Pour la première fois, la pauvreté extrême est passée sous la barre des 10 %. Jamais le monde n’aura affiché autant d’ambitions pour le développement qu’aujourd’hui. Depuis l’adoption des Objectifs de développement durable et la signature de l’accord de Paris sur le climat, fin 2015, la communauté internationale recherche les solutions les plus efficaces pour concrétiser ces objectifs. Dans cette série de cinq billets, je reviendrai sur les mesures prises par le Groupe de la Banque mondiale en la matière et les initiatives qu’il envisage de lancer autour de certains axes clés pour mettre fin à la pauvreté d’ici 2030 : la bonne gouvernance, l’égalité hommes-femmes, le conflit et la fragilité, la création d’emplois ainsi que la prévention du changement climatique et l’adaptation à ses effets.

La situation des filles et des femmes dans le monde en 2016 est meilleure qu’en 2006. Mais ce n’est pas vrai pour tout le monde et certainement pas partout, notamment dans les pays les plus pauvres et les plus fragiles.
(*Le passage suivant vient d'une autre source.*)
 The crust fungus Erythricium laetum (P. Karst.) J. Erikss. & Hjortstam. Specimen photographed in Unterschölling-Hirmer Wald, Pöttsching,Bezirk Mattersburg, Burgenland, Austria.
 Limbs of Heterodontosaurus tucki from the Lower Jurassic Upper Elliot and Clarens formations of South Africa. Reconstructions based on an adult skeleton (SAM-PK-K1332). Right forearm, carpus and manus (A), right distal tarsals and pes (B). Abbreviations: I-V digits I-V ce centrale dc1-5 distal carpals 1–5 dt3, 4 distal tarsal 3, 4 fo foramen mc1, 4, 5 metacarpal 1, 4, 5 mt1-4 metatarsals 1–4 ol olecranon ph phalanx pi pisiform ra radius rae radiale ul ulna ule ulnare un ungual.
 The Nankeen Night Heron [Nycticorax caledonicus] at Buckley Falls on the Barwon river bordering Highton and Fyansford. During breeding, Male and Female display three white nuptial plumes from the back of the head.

Le constat est particulièrement frappant quand on s’intéresse aux opportunités économiques : les inégalités hommes-femmes dans l’accès à l’emploi et aux financements et dans les entreprises sont certes une entrave à l’épanouissement des individus mais elles freinent aussi le développement des économies — alors même que le monde a cruellement besoin de croissance et de nouveaux emplois.


Simples ou complexes, les solutions exigent toutes davantage d’investissements pour soutenir la scolarisation et améliorer les taux d’achèvement des études, réduire la mortalité des femmes en couches et offrir à toujours plus de femmes des emplois de qualité et l’accès à des services financiers et des biens.
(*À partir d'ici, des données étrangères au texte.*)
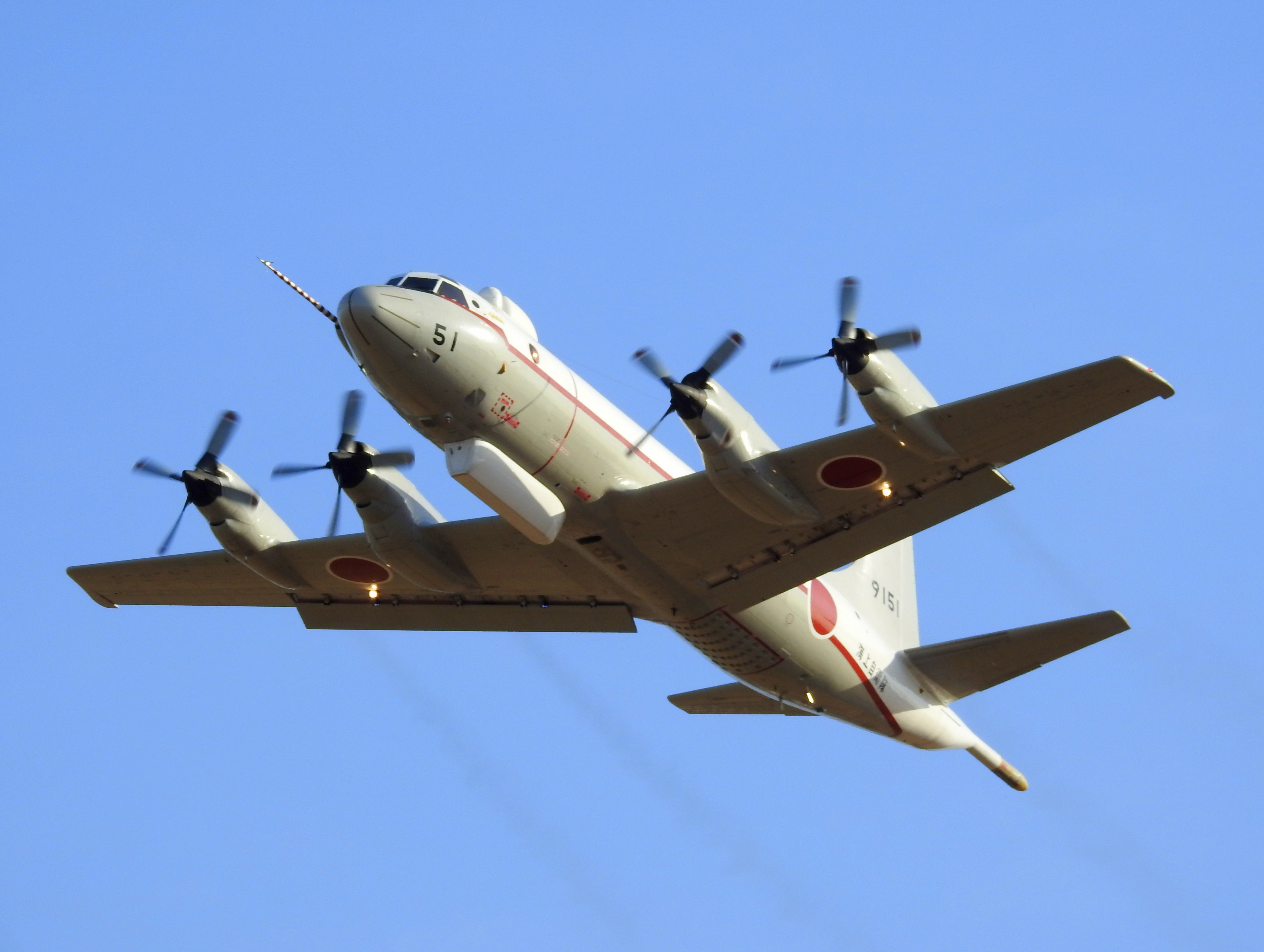 Lockheed UP-3C Orion #9151 of Air Development Squadron 51 of the Japan Maritime Self-Defence Force based at Naval Air Facility Atsugi in Kanagawa Prefecture, Japan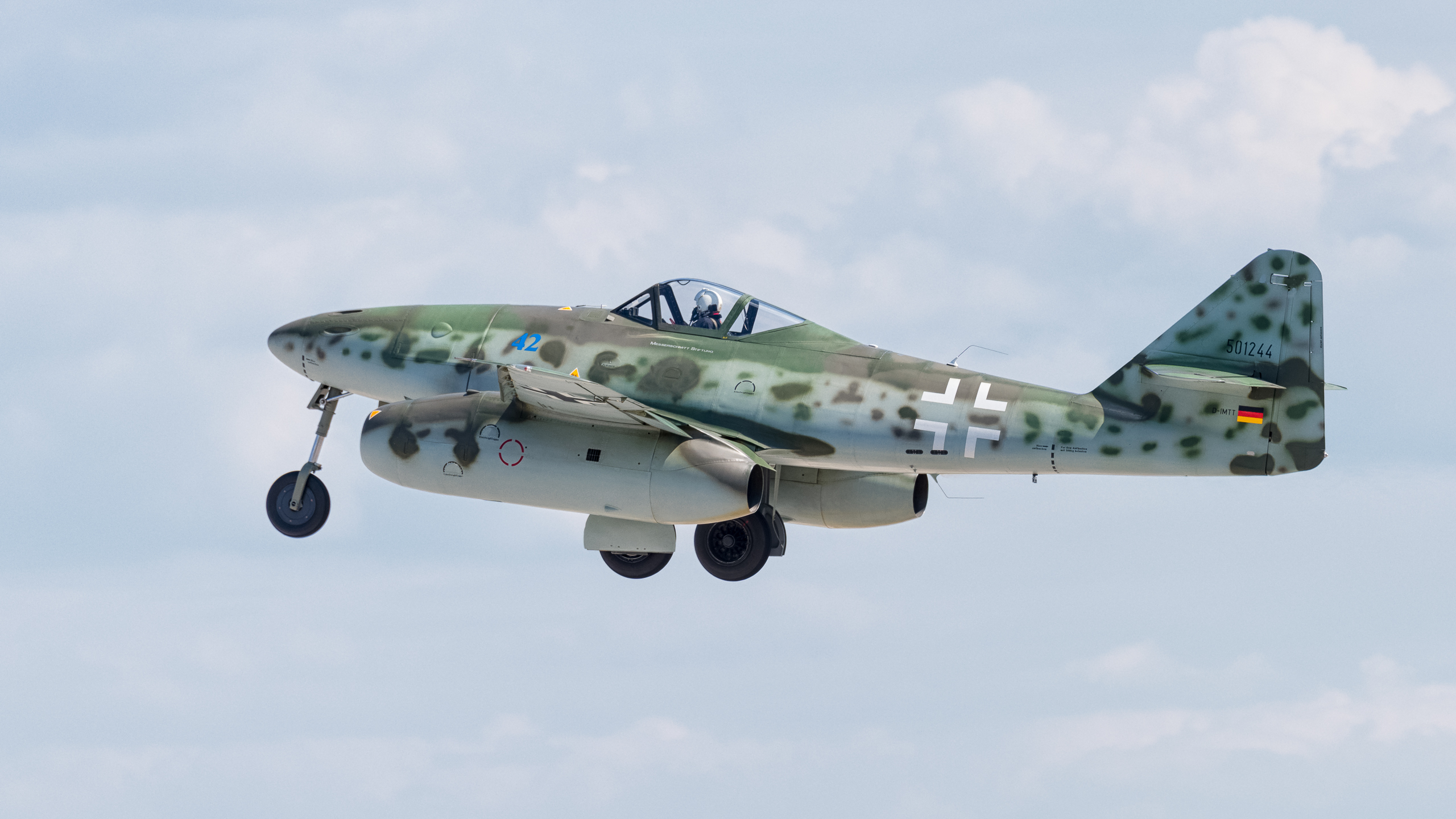 Messerschmitt Stiftung/Flugmuseum Messersschmitt Messerschmitt Me 262 B1-A replica (reg. D-IMTT, marking 501244) at ILA Berlin Air Show 2016.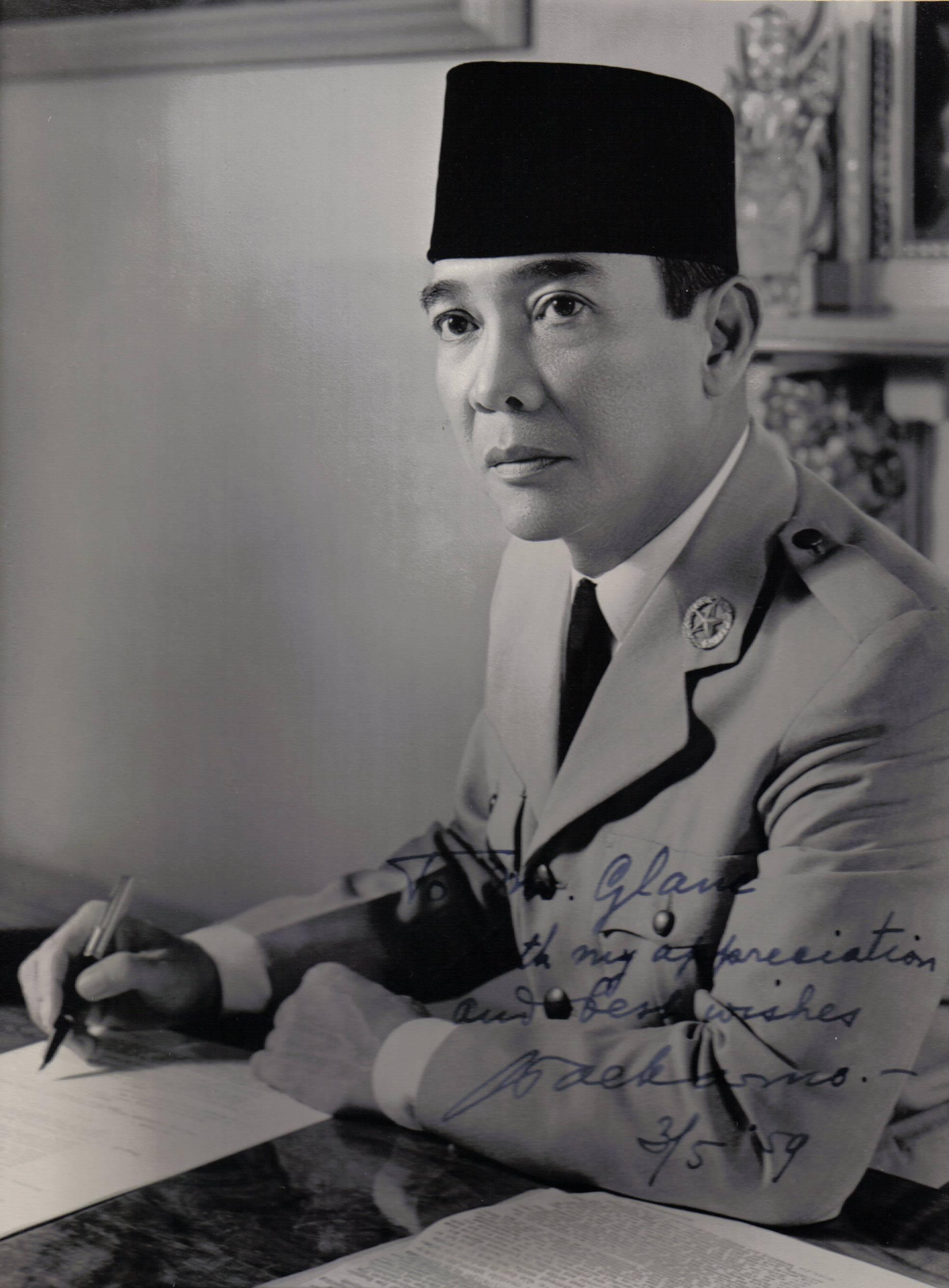 Sukarno, the first President of Indonesia

La nouvelle stratégie du Groupe de la Banque mondiale en matière de genre et d’égalité des sexes (a) fixe des objectifs de progrès ambitieux en s’attachant à des approches et des interventions à l’efficacité éprouvée. Cette stratégie repose sur une masse de données et d’informations probantes, réunies pour l’essentiel depuis ces 15 dernières années, qui pointent vers des mesures politiques spécifiques visant à réduire les inégalités et offrir les mêmes chances à tous.

Premier impératif : s’assurer que les femmes vivent plus longtemps et en meilleure santé et que nettement plus de filles font les études dont elles ont besoin et envie. Or, dans les plus pays les plus démunis, la mortalité maternelle reste à un niveau intolérable, sachant que la plupart des femmes n’ont toujours pas accès à des services essentiels de santé de la reproduction. Malgré des progrès sensibles, on estime par ailleurs que 62 millions de filles dans le monde ne sont pas scolarisées (a), tandis qu’un nombre inacceptable de femmes continuent de mourir en couches ou des suites d’un accouchement.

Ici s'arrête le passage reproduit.